Trying to privately finance what Dixon then saw as a 60,000-seat stadium was impossible. Even though the price in 1966 was a mere $35 million (a "poor man's Super-dome"), public money was a must. Eventually Dixon offered his idea for a domed stadium to the mayor of New Orleans, who grandly announced city approval. But it eventually had to be the state of Louisiana that became the magnanimous patron of the Dome. Dixon's private dream thus became public property, but his ideas for the Dome never stopped. Though he gave up his job as executive director in February of 1972 having become weary of the hassle, his concepts are retained in the building today.

Giant-screen TV is Dixon's favorite creation and has many ramifications. The Superdome will house a 75-ton gondola rising from field level to the top of the 273-foot ceiling. The gondola will be faced with six TV screens, 22 feet by 26 feet, made in Switzerland. Although giant-screen television is in use in the Capital Centre Auditorium in Maryland, nothing on the scale of the Dome's TV system ever has been attempted.

"Not only will you get instant replay at sports events," says Dixon, "but simulcasts of live events, cable hookups, closed-circuit fights, film premieres. And imagine 97,000 American Medical Association members watching a heart operation!" Dixon feels that simulcasts of popular football games like LSU- Ole Miss, played in Baton Rouge, could fill the Dome in New Orleans. Television makes the size of the Superdome possible. "Imagine Elvis Presley," says Dixon. "He's performing down there on the field. Now a guy in the top row of seats is 16 stories above him. Presley will look like an ant. But with the TV, the excellent acoustics and full theatrical lighting, 97,000 people can enjoy such an entertainment. The viewer will have the best of both worlds: all the physical and emotional excitement of being there and the best seat in the house."

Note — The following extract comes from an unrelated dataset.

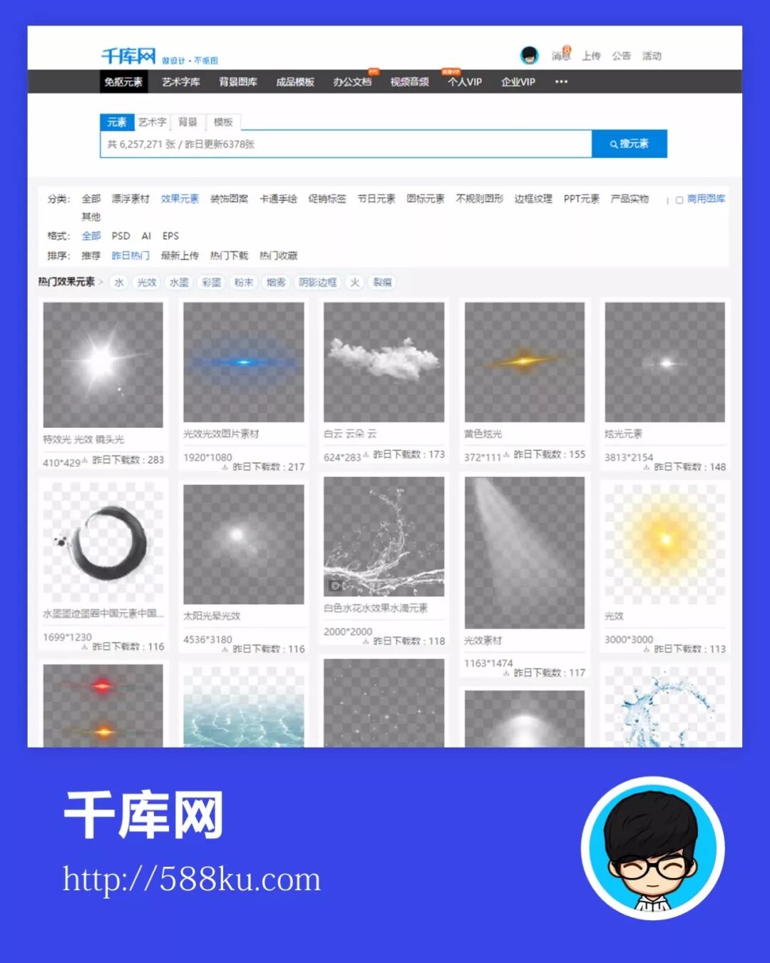 千库网除了扁平化素材,还有光效、科技线条和很多常用的修饰素材,比 PNGIMG有更强的适用性。

If Presley is going to look like an ant, so will Archie Manning of the Saints. When the transistor craze hit America, fans would sit in the bleachers at Yankee Stadium with radios pressed to their ears, listening to the play-by-play while watching the game. Now they will be able to do the same with television. The roar of the crowd, the smell of polyurethane and instant replay.

For years sociologists have been poor-mouthing television, noting that it separates people. Americans don't gather socially anymore because they are in apartments and detached houses watching TV. But, for the present at least, man still controls technology, and now tens of thousands can gather in one room on a Sunday afternoon. To watch television.

The Dome Commission also plans to screen West Coast pro football games after at-home Saints games. "It'll be a traffic diversion," says Dixon. "Some fans are going to stay to see the Rams or Raiders, and the traffic flow will be staggered. Also, it's a few more hot dogs to sell and a few more advertisements on the giant TV."